18th Reconnaissance Regiment (18 Pułk Rozpoznawczy) is a unit of the Polish Land Forces and is based in Białystok. It was formed from the former 18th Territorial Defense Battalion, which in turn was the former 18th Mechanized Brigade. It is the most recently formed unit of the Polish army, and one of three reconnaissance regiments.

==History==
On 23 April 2009 the Polish Minister of National Defense, Bogdan Klich, announced that the 18th Territorial Defense Battalion would be reorganized to create a reconnaissance regiment.

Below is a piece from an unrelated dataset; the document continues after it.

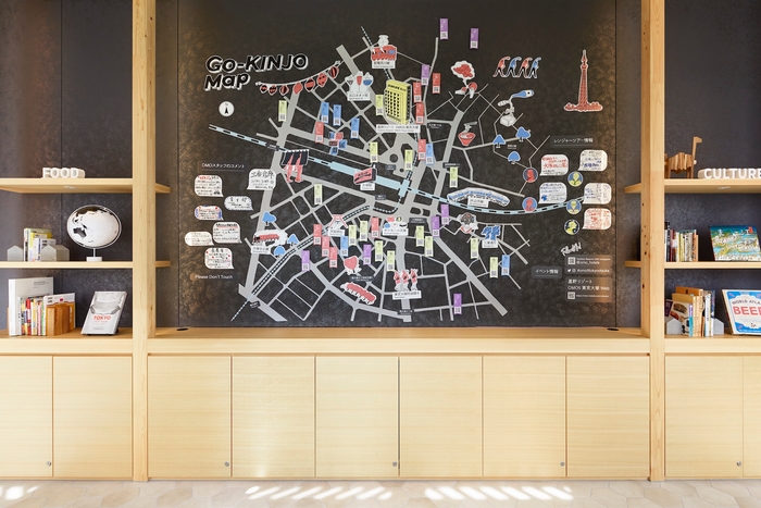 OMOでは、ホテルを中心とした街全体をひとつのリゾートとして捉え、ゲストにはホテルにこもらず、どんどん街にでかけてほしいと考えています。「Go-KINJO」は、ホテルから徒歩圏内の「街」を深く知り、エキサイティングなコトやファンタスティックなモノに触れ、街に溶け込むことをサポートするサービス。ガイドブックには載っていないリアルでタイムリーな情報が集まる「ご近所マップ(Go-KINJO MAP)」や、館内外でご近所のさまざまな魅力に出会える「ご近所アクティビティ(Local Guide Activities)」は、街を知り尽くした「ご近所ガイド OMOレンジャー」が担当。気さくかつ親身に旅をサポートします。

The 18th Reconnaissance Regiment was formed on 1 July 2009. On 15 October 2009 the 18th Reconnaissance Regiment was authorised to use the standard of the 18th Territorial Defense Battalion until 15 August 2010.

On 11 November 2010, representatives of the 18th Reconnaissance Regiment, on behalf of the Minister of National Defense Bogdan Klich, paid tribute at the grave of the late ordinary orthodox archbishop of the Polish Army, Miron Chodakowski. The delegation was composed of the regimental commander Lieutenant Colonel Chris Lenkiewicz, Major Slawomir Ratyński and Captain Jan Busłowicz. The ceremony took place in the crypt church of the Annunciation of the Virgin Mary located in Supraśl, near Bialystok.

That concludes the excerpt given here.